The Government’s consultation on catch limits for New Zealand’s largest orange roughy fishery has brought this deepsea fish into the spotlight again.[1]
 
Seafood New Zealand has recommended a precautionary catch limit reduction, but not because the fishery is in trouble. The orange roughy fishery is far from being in trouble.
 
Commercial catch limits, harvest strategies, and the collection and application of science to inform sustainable fisheries management is day-to-day business for both government and industry. When these regular, robust processes hit the media, readers are prompted to take notice and do their own thinking.  
 
Towards an informed understanding of this valuable fishery, here are the facts of this sustainability review.
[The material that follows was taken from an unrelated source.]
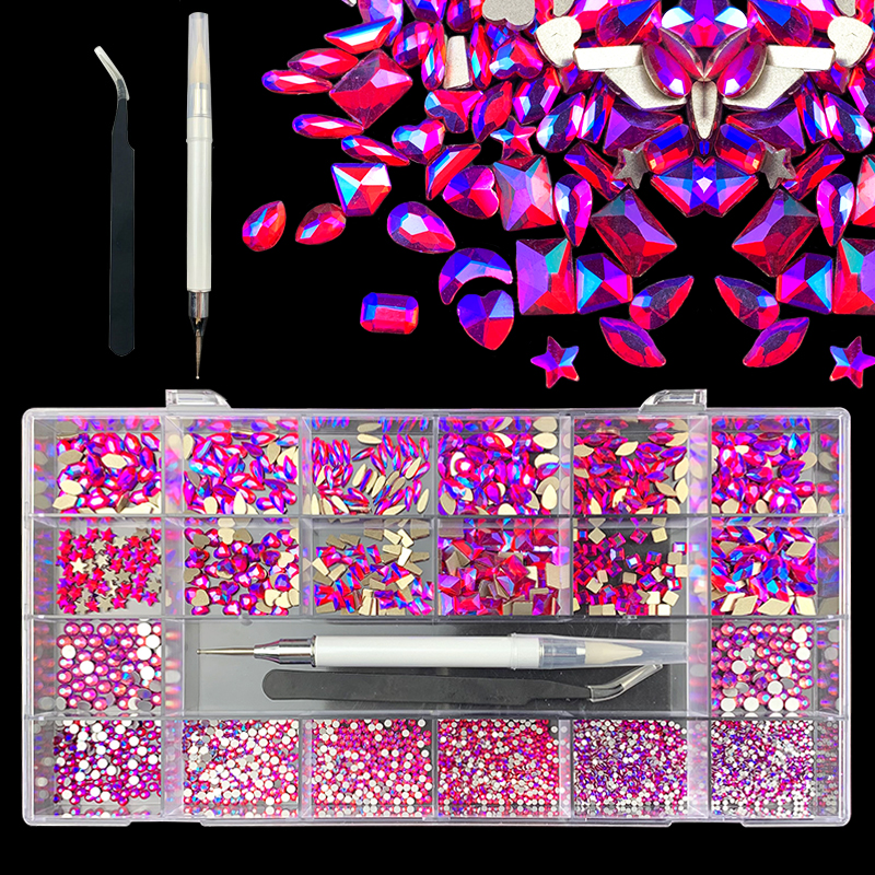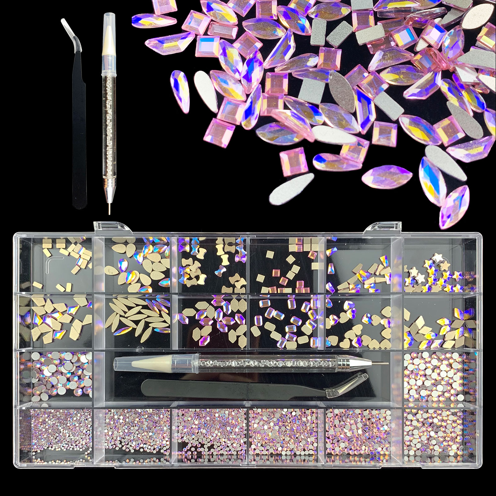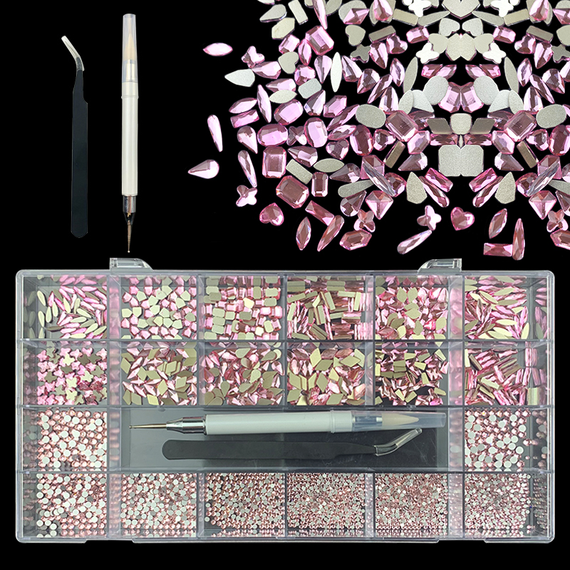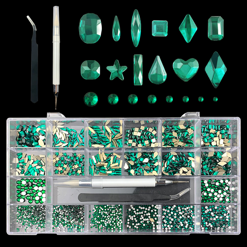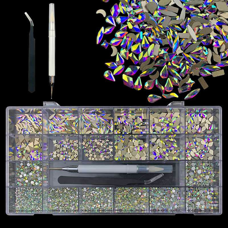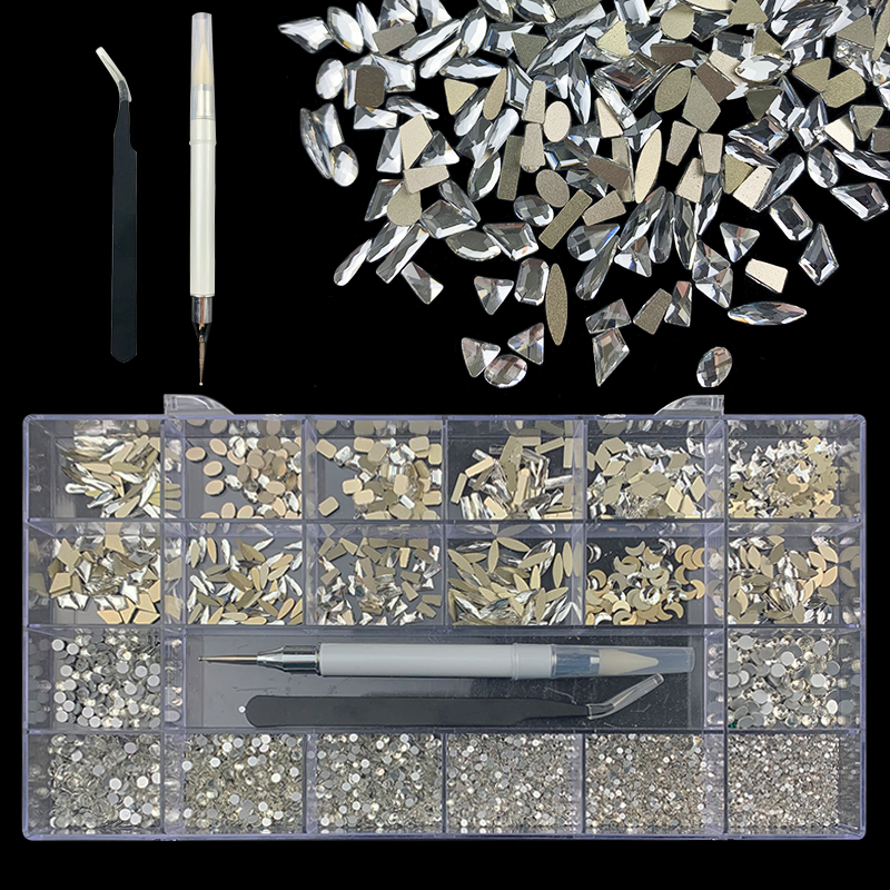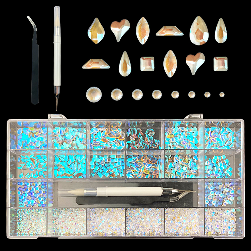 3). 3100pcs Rhinestone set: 480pcs(20x24) k9 crystal glass rhinestones, 2500pcs mix sizes round rhinestones,1pcs wax pen(Crystal or white), 1pcs tweezers for free

Government and industry agree to a catch limit reduction

In its submission to Fisheries New Zealand (FNZ), the Seafood New Zealand Deepwater Council proposed a reduction in the commercial catch limit in the fishery. In implementing what is a practical approach, the New Zealand Deepwater Council agrees with FNZ – that the catch limit requires a precautionary reduction until the stock assessment has been completed.  

The ins and outs of stock assessments

Stock assessments are rigorous statistical assessments of changes in the biomass of fishstocks over time. They enable us to better understand the current status of the fish stock by looking at historical responses to different levels of catch, and to estimate the future biomass at the current management settings (e.g., catch limits or yields).
 
An important dataset is needed before the stock assessment can be completed. This is the ‘ageing data’ which is essentially data that provides information on the age of a fish which is gathered by counting the number of annual rings in samples of fish ear bones (otoliths). It is used to provide information on the age structure of the surveyed population as well as indicating how fast orange roughy are growing.

There’s more to the story than the headline

Our orange roughy story is well-known. Most New Zealanders who were reading newspapers in the 1980s will remember that overfishing in the late 1970s endangered the stocks (the rebranding of the fish from ‘slimeheads’ to ‘orange roughy’ helping spur new consumer demand).
 
The science – understanding how orange roughy grow, live and reproduce – led to a revision of the way orange roughy were managed, and in the mid-1990s new assessments demonstrated that our fisheries were recovering.
 
Our fondness for this story, and for this fish, might explain exaggerated news media headlines. It’s an easier heartstring to pull perhaps. But roughy stocks are not ‘plummeting’. The fish are not being harvested towards a ‘slow death’.

An abundance of caution to maintain an abundance of stock

New Zealand has an agile and responsive harvest strategy for orange roughy, where no more than 4.5% of the available biomass is harvested. In other words, from every hundred fish, we catch no more than 4.5 individuals.
 
The harvest strategy is a simple equation to ensure the number of fish harvested is equal to (or less than) the rate of fish joining the fishery as they transition from eggs and larvae into juvenile fish. The entry of new young fish (or recruits) into a fishery is called recruitment.
 
In its submission to FNZ, Seafood NZ has proposed a reduction in the catch limit for the fishery from 5,970 tonnes to 3,700 tonnes. This aligns with the harvest strategy and works out to approximately 2.5 million fish being harvested from this one fishery that has as many as 55 million fish.

Orange roughy stocks are healthy

Government and industry have reliable information showing that the stock is healthy, including:

  • estimates of abundance of the fish using proven acoustic surveying methods undertaken by independent scientists. 
  • the number of orange roughy harvested each year, and accumulatively across years.

Looking at the East and South Chatham Rise fishery, the biomass of orange roughy in this area has been estimated at 80,000 tonnes of fish (or around 55 million individuals).
 
The 80,000-tonne estimate comprises 49,000 tonnes observed through acoustic surveying and 30,000 estimated by scientists for unobserved spawning fish and mature fish that are not spawning.
 
To summarise: There are as many as 55 million fish in the East and South Chatham Rise area, which is one of eight orange roughy fishery zones. This is not evidence of a plummeting. These fish are abundant.
 

Certainty is a matter of time (and science)


But we still need more science so that we can set harvest levels with more certainty. One essential  piece of science – an improved ageing dataset – is needed so that the stock assessment can be completed, providing indications of sustainable yields for the harvest of this valuable fish.
 
Until this point, there is agreement between the government and industry to reduce the TACC  in the fishery, so that we can keep fishing sustainably, maintaining New Zealanders' livelihoods and local economies (although a small reduction may still affect both). Industry and government have yet to reach a consensus on the extent of the reduction in catches.

 


[1] This is the East and South Chatham Rise fishery which is a sub-area of the ORH3B stock.